I started my morning much like every other morning in my life. I was awakened by a restless dog, who sensed the sunshine behind the blinds, and stumbled downstairs to let both canines out for their morning constitutional. Once inside, I fed them, started my oatmeal, set the tea kettle heating and sat down to read my e-mail and Facebook. I found the link below through a FB friend, and thought to myself, "That looks intriguing." I clicked and waited, not knowing that I was about to experience open heart surgery in a matter of minutes.


Midway I started bawling. After, I sat, tears streaming down my face, even as they are now as I let the emotions evoked from this simple video wash over me. And the most amazing thing for me is how I laugh aloud, even as I cry like a wee babe. It's astonishing how joy can reveal itself.

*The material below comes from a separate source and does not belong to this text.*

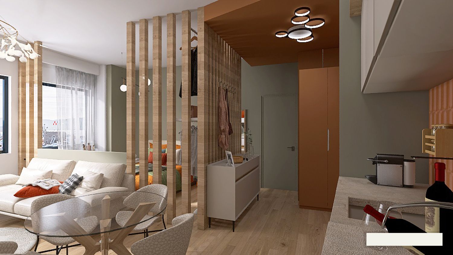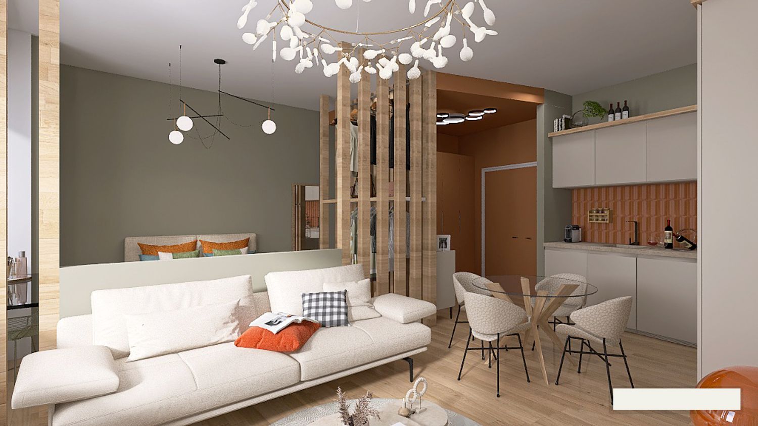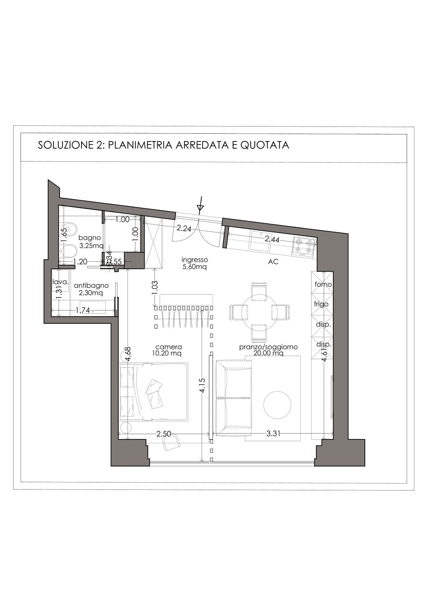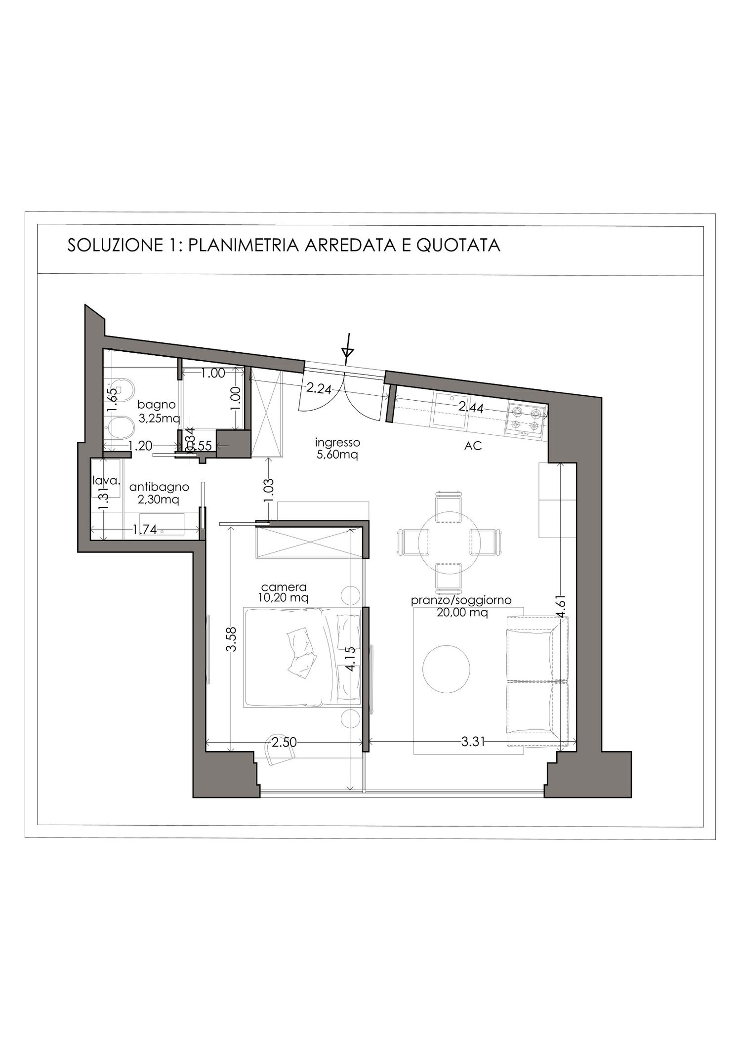 Dato che l'immobile si presta ad avere due ambienti divisi, acquistando quindi valore, si propone una prima soluzione in cui la camera è un ambiente separato, filtrato con la zona giorno attraverso aperture vetrate. Nella seconda soluzione la camera viene "filtrata" attraverso l'uso di listelli di legno, rendendo l'ambiente più unito.

When I was a child, I would cry like this whenever I saw a clear cut forestland near my home. I couldn't watch documentaries that showed whale's being slaughtered without falling apart from grief. I learned that I would be made fun of if I voiced my tree-hugger attitudes and felt so alone that I let that voice within grow quiet. As I've grown, I've become hardened to the suffering all around me, sometimes more so, sometimes less. It hurt to care too much. And in one moment, that all shifted, and I feel more free than I've felt in ages.

Humans can be so unaware of the life and beauty that is all around. We forget there is value in things that cannot be tamed, ignore that we too are part of the natural world and exploit or ridicule those who have a heart that beats in time with the wild ones, the seen and unseen. We shut away our longing for connection, for understanding, for love and healing. And this was a brutal and gentle reminder that my own heart has been shut away from the things I love about living on this beautiful Mother Earth.

The road back into joy is often not so joyful. But rediscovering my connection to the world around me, to the beauty of the natural world and it's lost human companions, is well worth any pain I feel along the way. My prayer for today? May my heart stay wide open, may my laughter ring with joy and may I remember that, as a wise friend once said, "It's better to be brave than safe."